WORK REQUEST:
With the pictures left aside, write out the entries that follow exactly.

======== EXCERPTED RECORDS

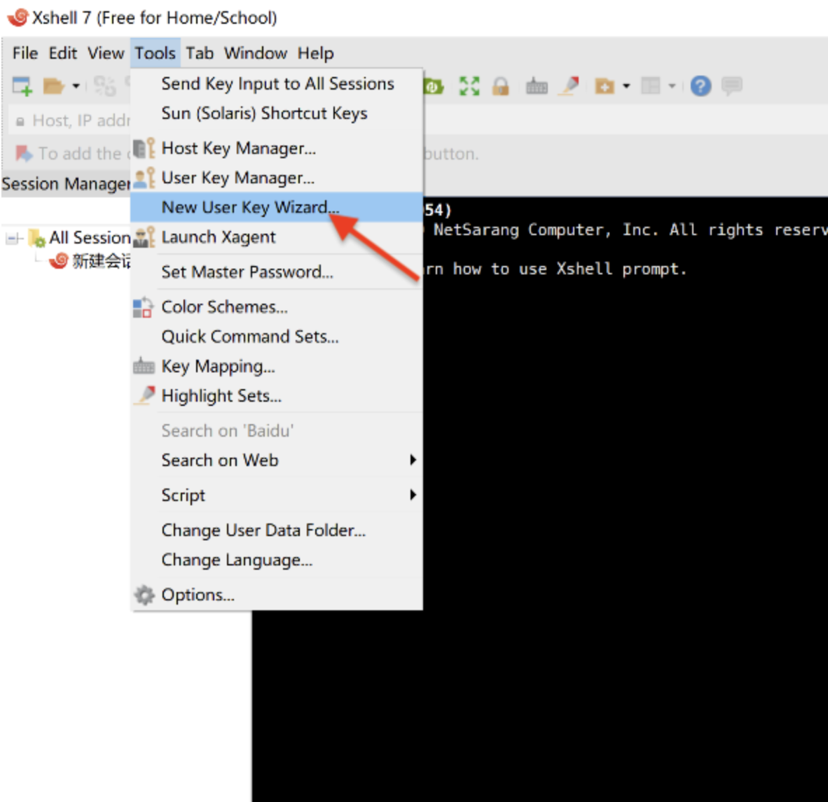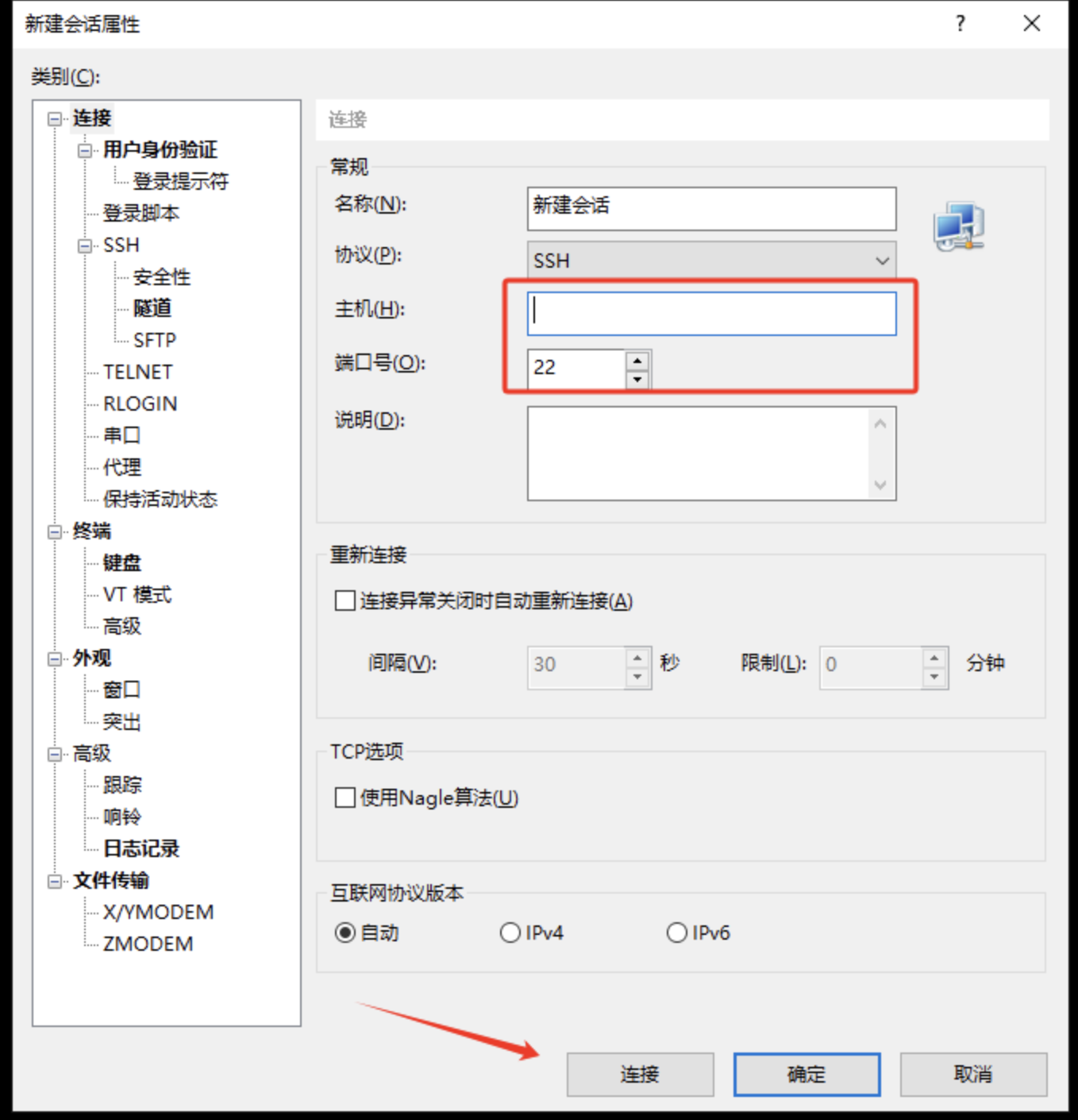 点击软件左上角新建会话属性,按照上文查看要登录的集群SSH IP和端口信息,输入SSH IP地址和端口后点击连接。
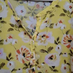 Spense. Polyester. Yellow. Floral. Sleeveless. Button. Measurements pictured. Size 1XL
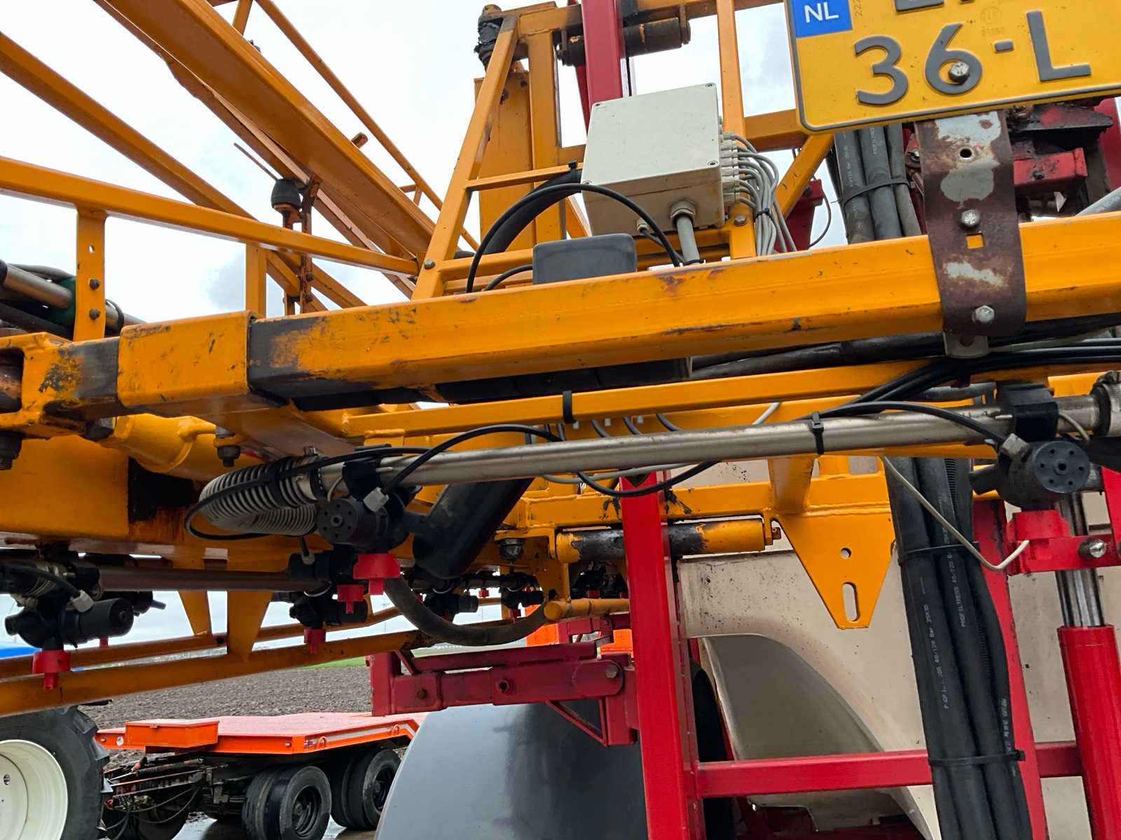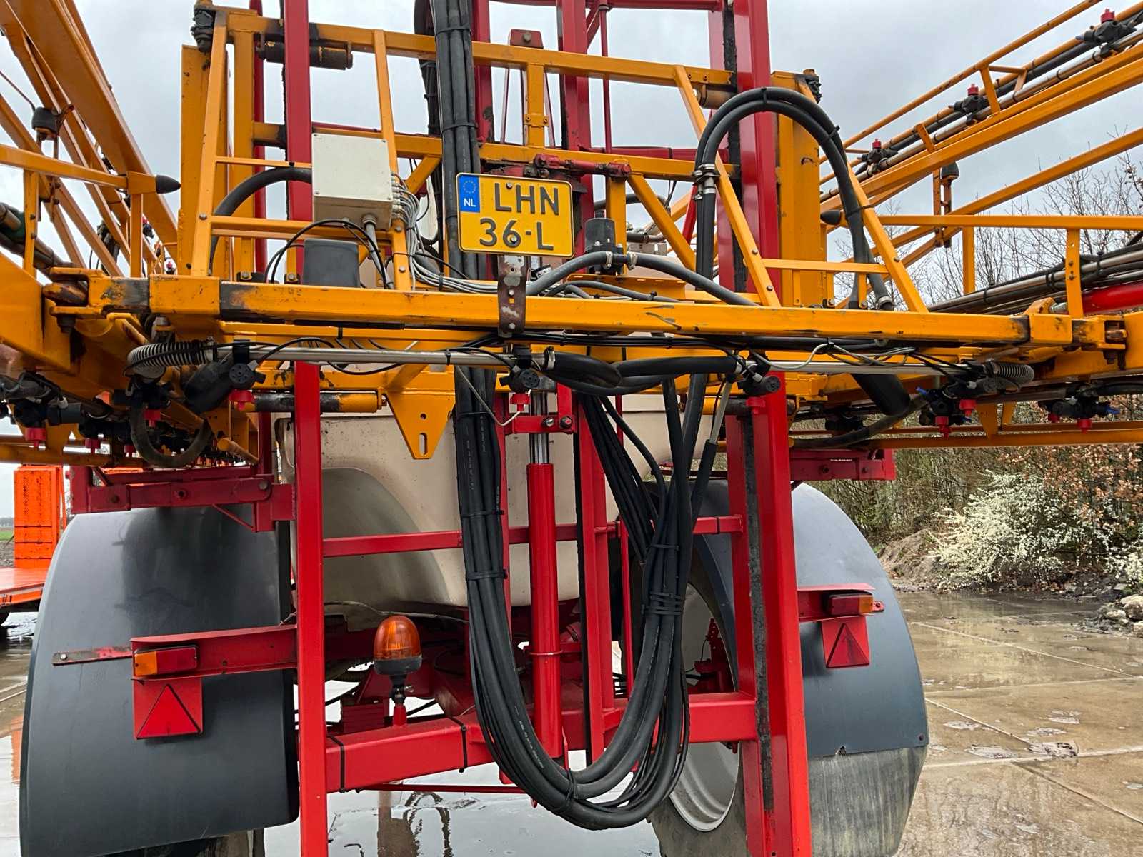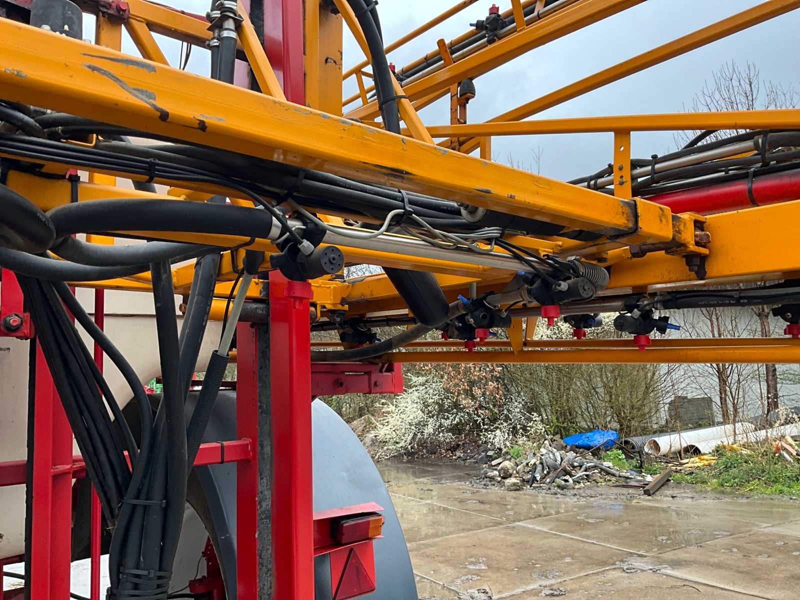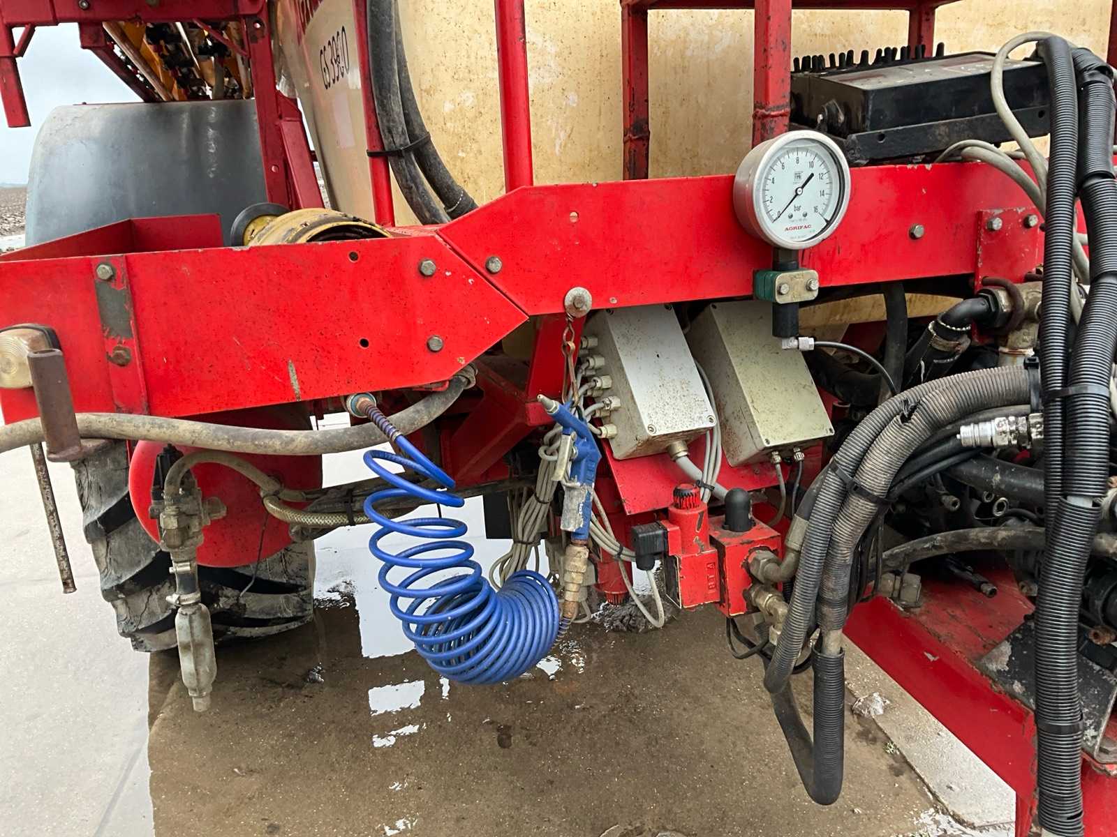 Keg cleaner; Hydr. balance control; Hydr. height adjustment; Hydr.in and fold-out; Braked axle; Spray computer; Steered wheels; Electr./ Hydr.control; – Induction loop; 4 ling cap holder, air lockable; 03 and 04 caps; 36/45 meter boom configuration; Steering knuckle; 50 cm cap spacing; 9 switchable sections; Electric edge cap; Double suction diaphragm pump, PTO driven; Inspection until March 2026
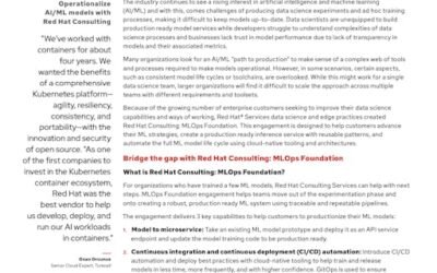 Red Hat Consulting: MLOps Foundation This Red Hat Consulting: MLOps Foundation overview is for enterprise customers seeking to improve their data science capabilities. Read to learn more. FILL THE FORM BELOW
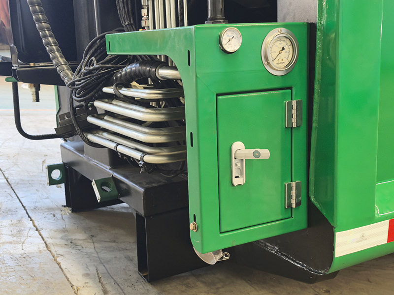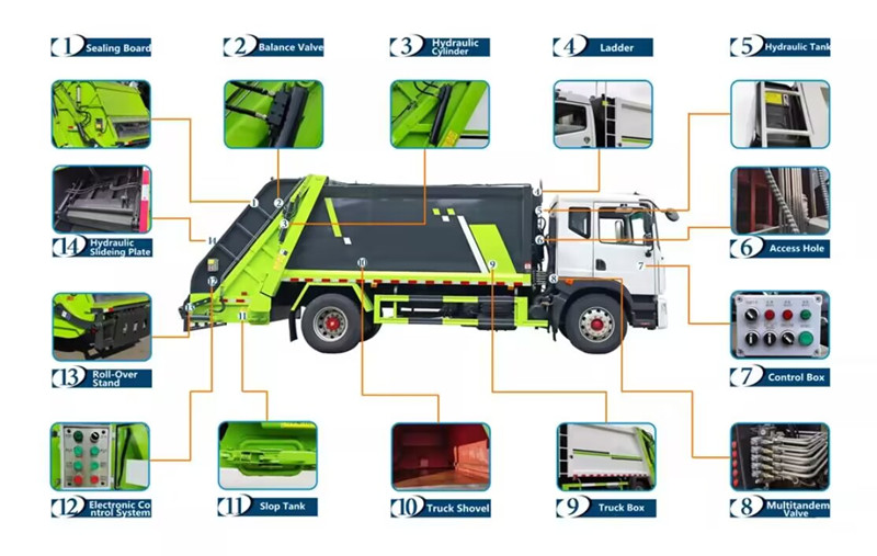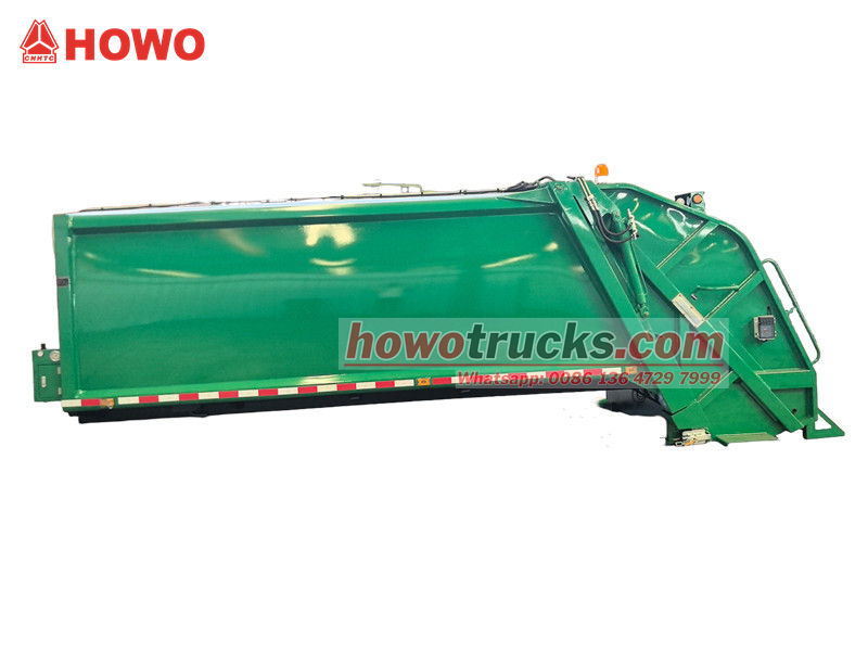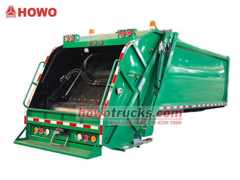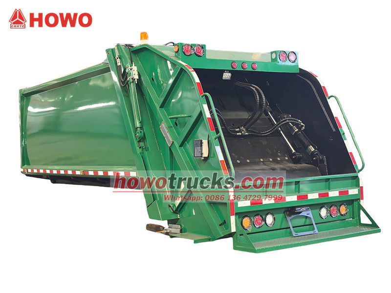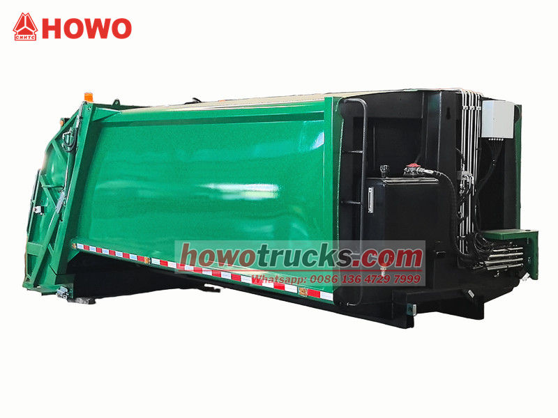 ตัวถังรถอัดขยะแบบบรรทุกด้านหลังขนาด 10 ลูกบาศก์เมตร เป็นระบบการทำงานหลักของรถ ประกอบด้วยช่องเก็บขยะแบบปิดสนิท ตัวดันอัด และกลไกการโหลด โครงสร้างที่แข็งแรงทนทานและการปิดผนึกที่ดีเยี่ยมช่วยป้องกันการรั่วไหลของน้ำเสียและกลิ่น ในระหว่างการทำงาน หลังจากที่ถังโหลดรับขยะแล้ว ใบมีดขูดที่ขับเคลื่อนด้วยระบบไฮดรอลิกจะขูดขยะเข้าไปในช่อง จากนั้นตัวดันอัดจะใช้แรงดันเพื่ออัดขยะให้แน่น ลดปริมาตร และเพิ่มความจุในการบรรทุก ความจุในการบรรทุกสูงสุดคือ 12 ลูกบาศก์เมตร และรองรับวิธีการโหลดและขนถ่ายที่หลากหลายเพื่อตอบสนองความต้องการในการใช้งานที่แตกต่างกัน

================

OUTPUT OF THE TASK:
 点击软件左上角新建会话属性,按照上文查看要登录的集群SSH IP和端口信息,输入SSH IP地址和端口后点击连接。
 Spense. Polyester. Yellow. Floral. Sleeveless. Button. Measurements pictured. Size 1XL
 Keg cleaner; Hydr. balance control; Hydr. height adjustment; Hydr.in and fold-out; Braked axle; Spray computer; Steered wheels; Electr./ Hydr.control; – Induction loop; 4 ling cap holder, air lockable; 03 and 04 caps; 36/45 meter boom configuration; Steering knuckle; 50 cm cap spacing; 9 switchable sections; Electric edge cap; Double suction diaphragm pump, PTO driven; Inspection until March 2026
 Red Hat Consulting: MLOps Foundation This Red Hat Consulting: MLOps Foundation overview is for enterprise customers seeking to improve their data science capabilities. Read to learn more. FILL THE FORM BELOW
 ตัวถังรถอัดขยะแบบบรรทุกด้านหลังขนาด 10 ลูกบาศก์เมตร เป็นระบบการทำงานหลักของรถ ประกอบด้วยช่องเก็บขยะแบบปิดสนิท ตัวดันอัด และกลไกการโหลด โครงสร้างที่แข็งแรงทนทานและการปิดผนึกที่ดีเยี่ยมช่วยป้องกันการรั่วไหลของน้ำเสียและกลิ่น ในระหว่างการทำงาน หลังจากที่ถังโหลดรับขยะแล้ว ใบมีดขูดที่ขับเคลื่อนด้วยระบบไฮดรอลิกจะขูดขยะเข้าไปในช่อง จากนั้นตัวดันอัดจะใช้แรงดันเพื่ออัดขยะให้แน่น ลดปริมาตร และเพิ่มความจุในการบรรทุก ความจุในการบรรทุกสูงสุดคือ 12 ลูกบาศก์เมตร และรองรับวิธีการโหลดและขนถ่ายที่หลากหลายเพื่อตอบสนองความต้องการในการใช้งานที่แตกต่างกัน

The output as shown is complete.